Work item:
Produce a faithful copy of the data, one that leaves out the pictures.

Supplied records:
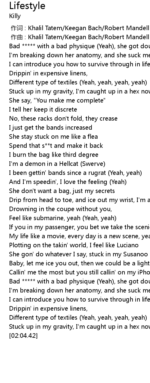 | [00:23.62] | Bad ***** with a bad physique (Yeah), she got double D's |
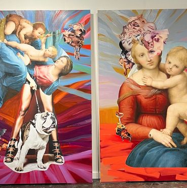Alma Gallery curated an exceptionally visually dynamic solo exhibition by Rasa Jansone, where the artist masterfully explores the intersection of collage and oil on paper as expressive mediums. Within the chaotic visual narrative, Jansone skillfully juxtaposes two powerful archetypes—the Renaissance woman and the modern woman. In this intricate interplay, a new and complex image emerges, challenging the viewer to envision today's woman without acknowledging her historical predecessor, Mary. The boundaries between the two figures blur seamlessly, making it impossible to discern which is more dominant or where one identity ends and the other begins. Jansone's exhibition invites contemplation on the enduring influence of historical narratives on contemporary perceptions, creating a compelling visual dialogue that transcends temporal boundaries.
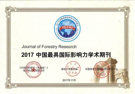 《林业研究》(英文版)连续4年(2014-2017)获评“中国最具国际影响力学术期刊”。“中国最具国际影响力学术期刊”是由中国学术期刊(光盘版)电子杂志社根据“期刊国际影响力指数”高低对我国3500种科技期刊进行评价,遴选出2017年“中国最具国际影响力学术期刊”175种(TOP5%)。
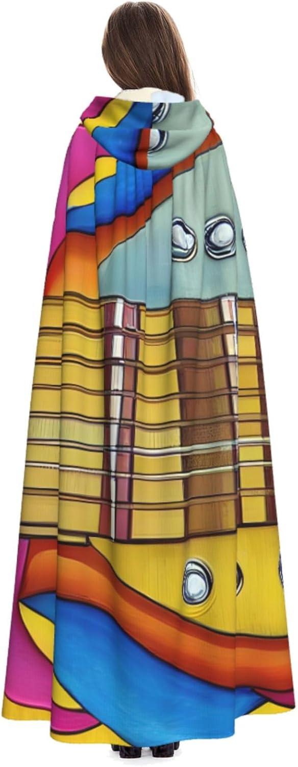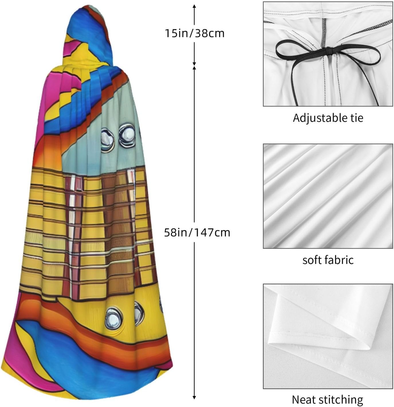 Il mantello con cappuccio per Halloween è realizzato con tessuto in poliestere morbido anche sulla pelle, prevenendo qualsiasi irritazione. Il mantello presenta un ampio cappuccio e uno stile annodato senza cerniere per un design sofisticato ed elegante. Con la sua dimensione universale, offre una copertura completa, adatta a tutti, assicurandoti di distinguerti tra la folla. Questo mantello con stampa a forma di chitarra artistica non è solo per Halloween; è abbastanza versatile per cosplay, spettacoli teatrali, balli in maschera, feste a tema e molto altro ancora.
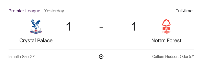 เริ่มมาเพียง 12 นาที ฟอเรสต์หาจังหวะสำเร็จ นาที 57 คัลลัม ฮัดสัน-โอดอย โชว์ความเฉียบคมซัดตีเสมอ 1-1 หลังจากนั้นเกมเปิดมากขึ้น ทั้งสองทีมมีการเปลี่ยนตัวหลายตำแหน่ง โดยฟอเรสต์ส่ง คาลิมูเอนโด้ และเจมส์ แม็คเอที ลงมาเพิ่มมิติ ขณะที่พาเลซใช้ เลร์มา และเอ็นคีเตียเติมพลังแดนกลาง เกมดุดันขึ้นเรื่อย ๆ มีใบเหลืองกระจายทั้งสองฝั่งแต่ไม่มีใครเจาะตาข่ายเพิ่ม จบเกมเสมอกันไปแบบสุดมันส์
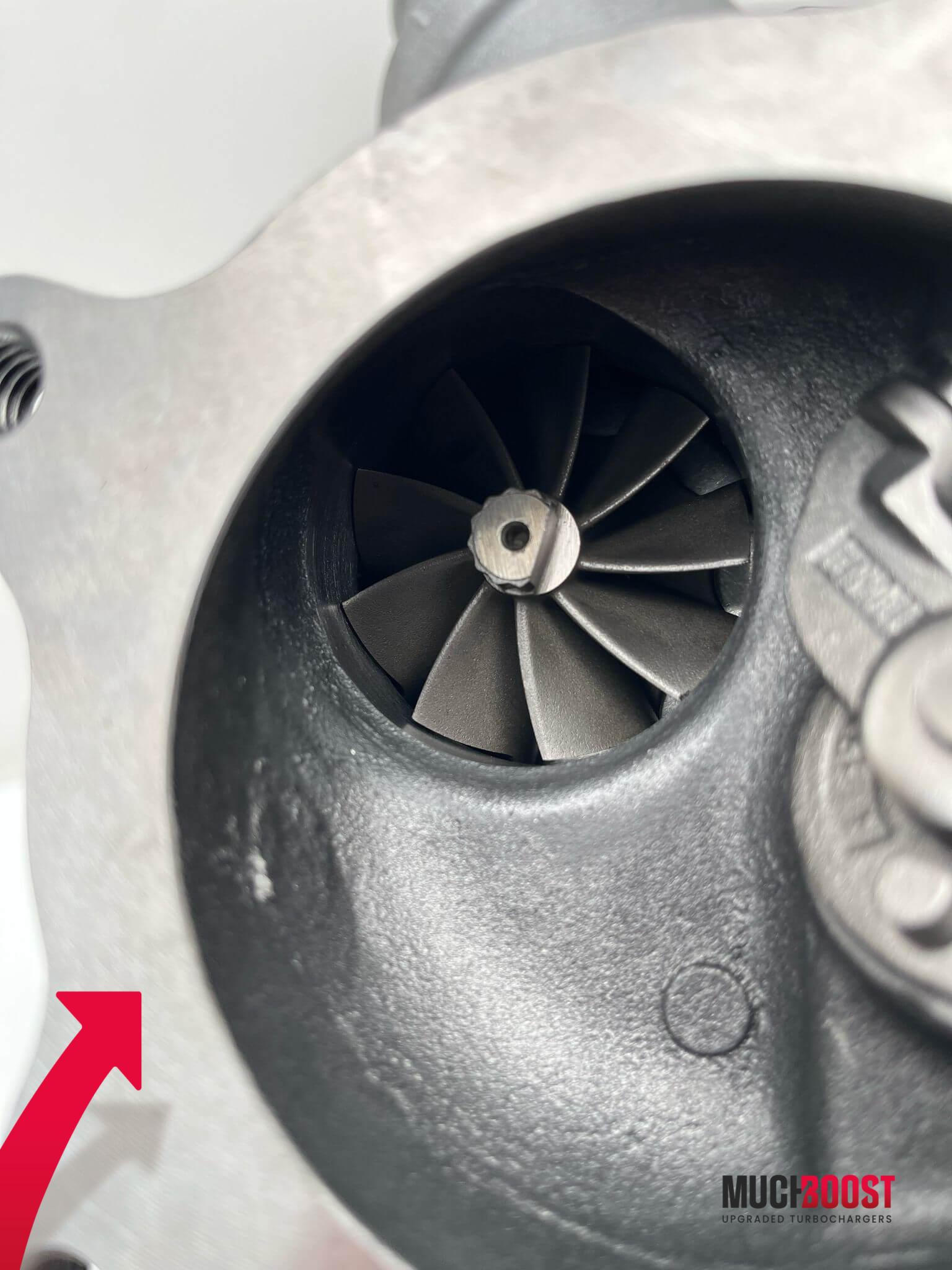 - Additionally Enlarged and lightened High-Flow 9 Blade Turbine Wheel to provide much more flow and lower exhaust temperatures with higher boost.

Answer to the problem:
 | [00:23.62] | Bad ***** with a bad physique (Yeah), she got double D's |
Alma Gallery curated an exceptionally visually dynamic solo exhibition by Rasa Jansone, where the artist masterfully explores the intersection of collage and oil on paper as expressive mediums. Within the chaotic visual narrative, Jansone skillfully juxtaposes two powerful archetypes—the Renaissance woman and the modern woman. In this intricate interplay, a new and complex image emerges, challenging the viewer to envision today's woman without acknowledging her historical predecessor, Mary. The boundaries between the two figures blur seamlessly, making it impossible to discern which is more dominant or where one identity ends and the other begins. Jansone's exhibition invites contemplation on the enduring influence of historical narratives on contemporary perceptions, creating a compelling visual dialogue that transcends temporal boundaries.
 《林业研究》(英文版)连续4年(2014-2017)获评“中国最具国际影响力学术期刊”。“中国最具国际影响力学术期刊”是由中国学术期刊(光盘版)电子杂志社根据“期刊国际影响力指数”高低对我国3500种科技期刊进行评价,遴选出2017年“中国最具国际影响力学术期刊”175种(TOP5%)。
 Il mantello con cappuccio per Halloween è realizzato con tessuto in poliestere morbido anche sulla pelle, prevenendo qualsiasi irritazione. Il mantello presenta un ampio cappuccio e uno stile annodato senza cerniere per un design sofisticato ed elegante. Con la sua dimensione universale, offre una copertura completa, adatta a tutti, assicurandoti di distinguerti tra la folla. Questo mantello con stampa a forma di chitarra artistica non è solo per Halloween; è abbastanza versatile per cosplay, spettacoli teatrali, balli in maschera, feste a tema e molto altro ancora.
 เริ่มมาเพียง 12 นาที ฟอเรสต์หาจังหวะสำเร็จ นาที 57 คัลลัม ฮัดสัน-โอดอย โชว์ความเฉียบคมซัดตีเสมอ 1-1 หลังจากนั้นเกมเปิดมากขึ้น ทั้งสองทีมมีการเปลี่ยนตัวหลายตำแหน่ง โดยฟอเรสต์ส่ง คาลิมูเอนโด้ และเจมส์ แม็คเอที ลงมาเพิ่มมิติ ขณะที่พาเลซใช้ เลร์มา และเอ็นคีเตียเติมพลังแดนกลาง เกมดุดันขึ้นเรื่อย ๆ มีใบเหลืองกระจายทั้งสองฝั่งแต่ไม่มีใครเจาะตาข่ายเพิ่ม จบเกมเสมอกันไปแบบสุดมันส์
 - Additionally Enlarged and lightened High-Flow 9 Blade Turbine Wheel to provide much more flow and lower exhaust temperatures with higher boost.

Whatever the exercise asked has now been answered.